佐橋啟助受到舅舅藤平武彥之託,要帶口信給種村議員,正為要跟種村見面傷腦筋呢。與種村見面,他一定會問自己與阿木彩子往是否順利。和彩子吵架後分手的事情,佐橋並沒有告訴藤平舅舅和種村議員。
阿木彩子為什麼會是種村的親戚啊?!……佐橋啟助心中,莫名其妙地火大。不管兩人分手是否太輕率,現在這個社會,互相束縛、互相捆綁的愛情,是沒有結果的。與一個沒腦筋、只知道哭哭啼啼的女人,是無法長期交往下去的。因為自己有個國會議員的親戚,就性格乖張、行為霸道,彩子還真是個愚蠢的壞女人。
雖說他們交往了一段時間,最後是彩子先離開自己,才導致分手的……可如果藤平舅舅知道以後,還是會非常生氣吧。
佐橋雖然不知道種村議員和舅舅之間,到底保持著什麼關係,但舅舅沒有必要那麼點頭哈腰、什麼事情都討種村歡心吧。還有這次帶口信的事兒,要是有什麼特別重要的事,就自己跟種村聯繫,並親自去拜訪,沒必要麻煩自己呀,自己也有自己的事要干,也有不方便的時候啊。
之前也是這樣,突然莫名其妙地,就叫自己去醫院看病並住院。佐橋啟助平時被麻煩慣了,也就乖乖地照做了,之後看了新聞報道,不由得大吃一驚。原來他們為了掩蓋核電站事故,就拿自己當受輻射人的替身。
佐橋啟助雖然不認為,藤平舅舅會像報紙上報道的,將事故受害者裝入鐵罐中,但對於舅舅的行為,導致自己牽涉其中,而可能成為共犯的危險,他感到很不滿。舅舅為什麼要那麼為公司著想,以至於不惜干出這麼危險的事,還要拉上自己幫忙?
對了,舅舅好像又急急忙忙趕赴九十九里濱了吧?……他現在已經成為千葉支店的店長,本該與核電站毫無瓜葛了啊……唉,公司一直傳承下來的愛公司精神,如今給佐橋啟助帶來了這麼大的麻煩。
話說,種村這時候還沒回家吧?國會議員似乎是個很玄乎的職業,他們是不會總安心地待在家裡的。雖然很難碰上面,但還是必須要親自傳達給他。為什麼不能帶口信給秘書,讓秘書代為轉達呢?這本來就是秘書的職責呀。
對了,與其坐在這裡傻傻等著,不如直接打電話告知相關事宜。
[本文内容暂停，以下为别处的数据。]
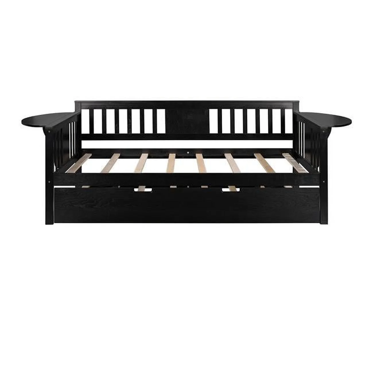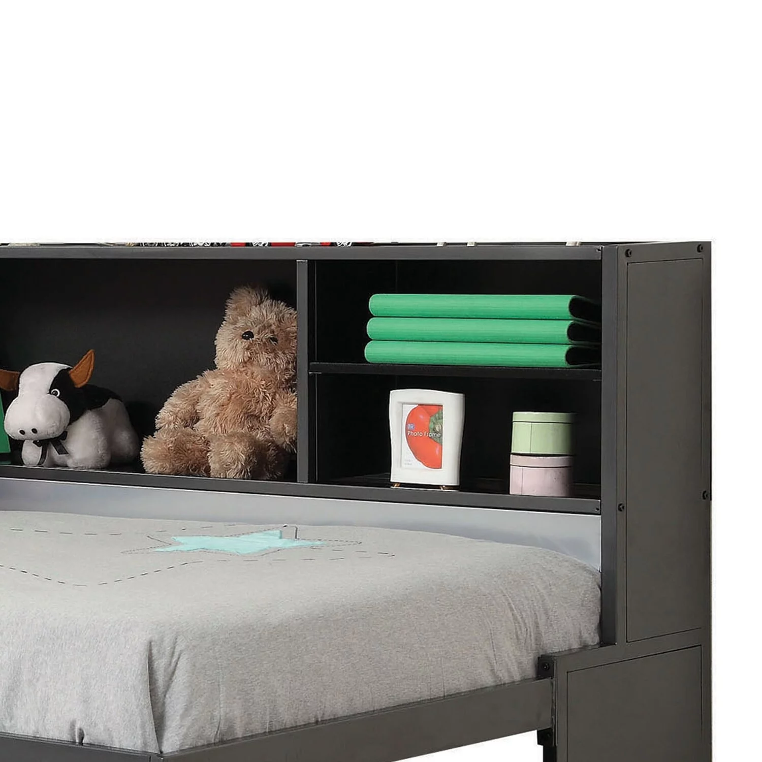 Benzara Metal Twin Bed with Bookcase and Rollout Trundle, Black and Silver

要是見面談的話,就有可能會被問到阿木彩子的事情,到時又不得不解釋一大堆,而電話就可以省去那麼多麻煩了。
佐橋啟助往種村參議員的住處打了三次電話,終於跟種村通上了電話。他快速彙報完要傳達的事情,本以為種村議員會不耐煩地,急急忙忙掛掉電話,這樣就能很快結束談話了,可結果卻出乎意料。
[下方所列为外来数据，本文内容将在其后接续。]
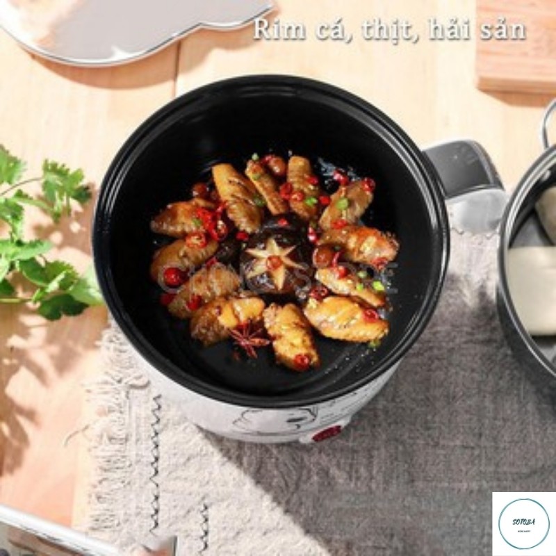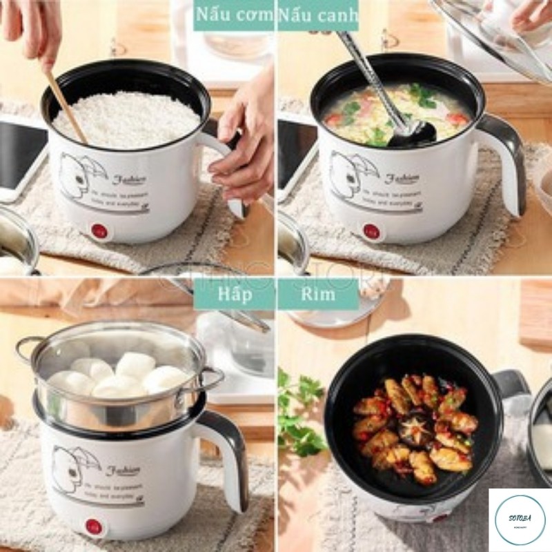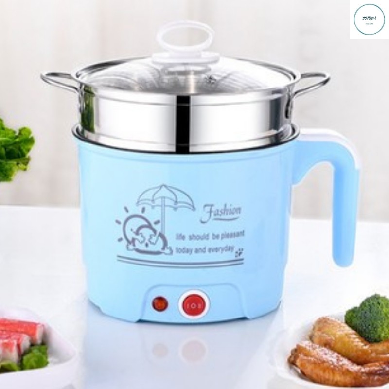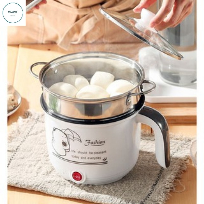 Ca Nấu Mì, Lẩu Điện,Mini KNồièm Giá Hấp Inox+ 1 Khay Luộc Trứng Siêu Tiện Dụng,Có Tay Cầm 1,8L, 2 Nấc Nhiệt Mẫu Mới 2021

「你說什麼?藤平先生去核電站了?……是被房總電業的鐮田叫去的?」種村議員很嚴肅地問道。
「啊,是的!……」佐橋啟助從種村參議員的語氣中,聽出了不尋常。
「他沒有說是什麼事情嗎?」種村似乎很緊張。
「還有一些沒有處理乾淨的事情,現在給作業員議論得沸沸揚揚。他說只要我這樣跟你傳達,你就能明白。」佐橋耐心地解釋著。
「嗯,我知道了。」電話那頭傳來了種村的嘆息聲,隨後又聽到他小聲地抱怨道,「那傢伙必須要十二萬分小心啊,太心急會壞大事的。」
佐橋啟助故意刁難地問:「你是指那件事嗎?」
「嗯,電力公司的高層領導現在還頭疼著呢,要是再什麼出事,我的立場也很尷尬了。」
種村議員似乎很不開心。
「到底怎麼回事呢?有沒有我能幫得上忙的……」佐橋追問道。
「不用了,現在還不到你幫忙的時候。」種村說完,馬上又問道,「你跟他聯繫了沒有?」
「他?你指的是?」佐橋很疑惑地問。
「算啦,我自己去吧。」種村小聲嘀咕。
「,對了,我想問先生,猴蟹大戰究竟是指什麼?」
被佐橋啟助這樣一問,種村繼夫似乎有些不耐煩了。
「我很忙,你要說的就這些吧。」種村參議員略微憤怒地說完,就一把掛上了電話。
種村繼夫的行為,讓佐橋啟助有點怒上心頭,但同時很慶幸種村沒有問及阿木彩子的事情。